Both companies’ talented global workforces are expected to remain in place and focus intently on meeting all customer commitments and expectations, including supporting all existing products, services and agreements. The transaction enlarges Comtech’s global market footprint with a significant physical presence in key international markets. This increased presence addresses a growing need for local touch points that can offer integrated secure connectivity solutions including public safety and location solutions. At the same time, Gilat will gain access to Comtech’s strong relationships with the U.S. government, allowing expanded distribution of Gilat’s products and solutions to the U.S. government. As such, Comtech believes the transaction carries minimal integration risk while creating numerous opportunities for potential long-term revenue and efficiency synergies going forward.

Comtech will continue to emphasize capturing growth opportunities from favorable market trends, including: expected increased demand for solutions to provide high speed in-flight satellite connectivity; the adoption of new satellite ground station technologies into the 5G cellular backhaul eco-system; and the expected need for equipment and network upgrades to accommodate an anticipated increase in satellite capacity when new Very High Throughput Satellites (“VHTS”) and high capacity Medium Earth Orbit (“MEO”) and Low Earth Orbit (“LEO”) satellite constellations are launched and fully operational. Together with its previously announced pending acquisition of UHP Networks, Comtech believes it will be uniquely positioned to take advantage of these important trends.

Gilat announced on 19 November 2019 that it expects to achieve sales of between $260.0 million and $270.0 million with Adjusted EBITDA ranging from $38.0 million to $42.0 million for its fiscal year ended 31 December 2019. Comtech announced on 4 December 2019 that it expects to achieve sales of between $712.0 million and $732.0 million with Adjusted EBITDA ranging from $99.0 million to $103.0 million for its fiscal year ending 31 July 2020. Neither Comtech nor Gilat is revising their previously announced respective fiscal year financial outlook.

In light of the agreement between Comtech and Gilat, Gilat has cancelled its fourth quarter and fiscal 2019 year-end conference call and webcast previously scheduled for 19 February 2020. Once the transaction closes, Comtech will provide combined revenue, Adjusted EBITDA and diluted earnings per share guidance in a future announcement.

Leadership and Business Structure

Fred Kornberg, Comtech’s Chairman of the Board and Chief Executive Officer (“CEO”) will continue in his role as CEO of the combined company.

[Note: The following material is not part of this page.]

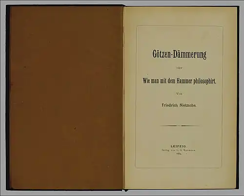 Nietzsche, Friedrich: Götzendämmerung oder Wie man mit dem Hammer philosophiert. Leipzig: C. G. Naumann 1889. 144 S.
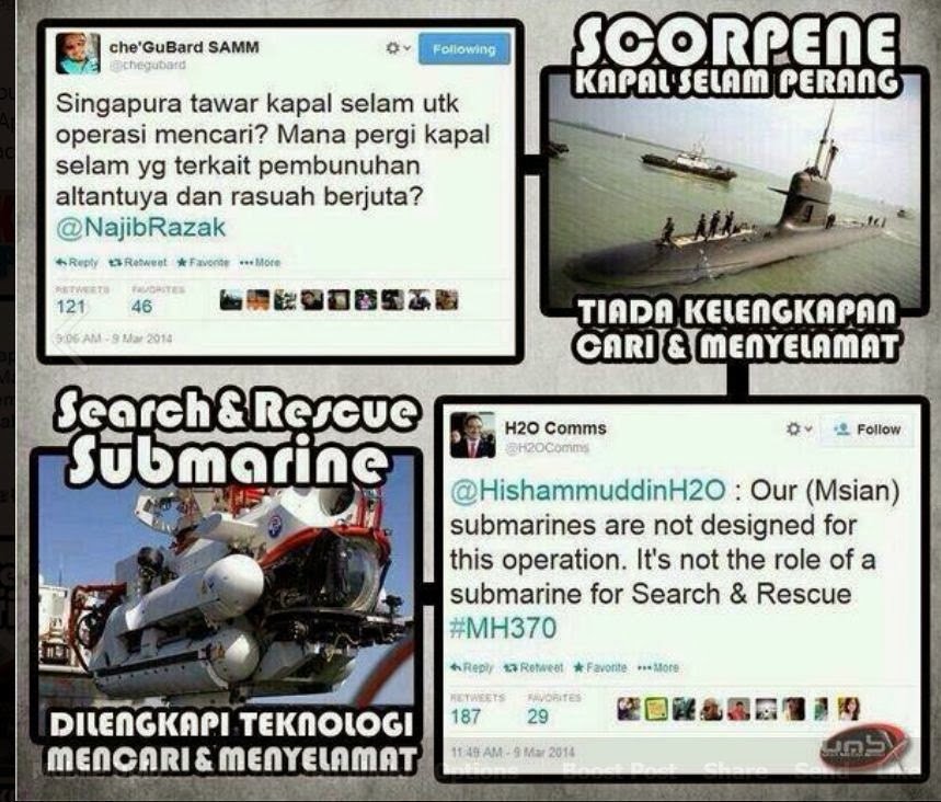 Jadi ingin kami jelaskan tidak timbul isu kenapa Scorpene tidak digunakan untuk operasi mencari MH370 . Tiada keperluan untuk kapal selam TLDM itu dihantar ke Teluk Siam sedangkan aset yang lebih sesuai dan praktikal sudahpun digunakan. Kenapa perlukan pemotong laser sekiranya gunting sudah cukup sempurna bagi menjalankan tugasan.

Michael Porcelain, Comtech’s Chief Operating Officer, who was promoted and named President of Comtech earlier on 29 January 2020, will work hand-in-hand with both Comtech and Gilat employees to maximize the potential of the combined company. Michael Bondi will continue in his role as Chief Financial Officer (“CFO”) of the combined company. Comtech will continue to maintain its headquarters in Melville, New York.

Post-closing of the transaction, Gilat will become a wholly owned subsidiary of Comtech and will maintain its well renowned and highly regarded brand. Gilat will continue to maintain its corporate headquarters and research and development facility in Petah Tikva, Israel under the leadership of Yona Ovadia, Gilat’s CEO and Adi Sfadia, Gilat’s CFO. Mr. Sfadia will also be assuming the role of Gilat’s Chief Integration Officer, helping to plan a smooth acquisition and to maximize shareholder value.

No Comtech or Gilat facility locations are expected to be closed as a result of the transaction and each key business area is expected to continue to be led by its respective existing proven leadership teams after the transaction closes.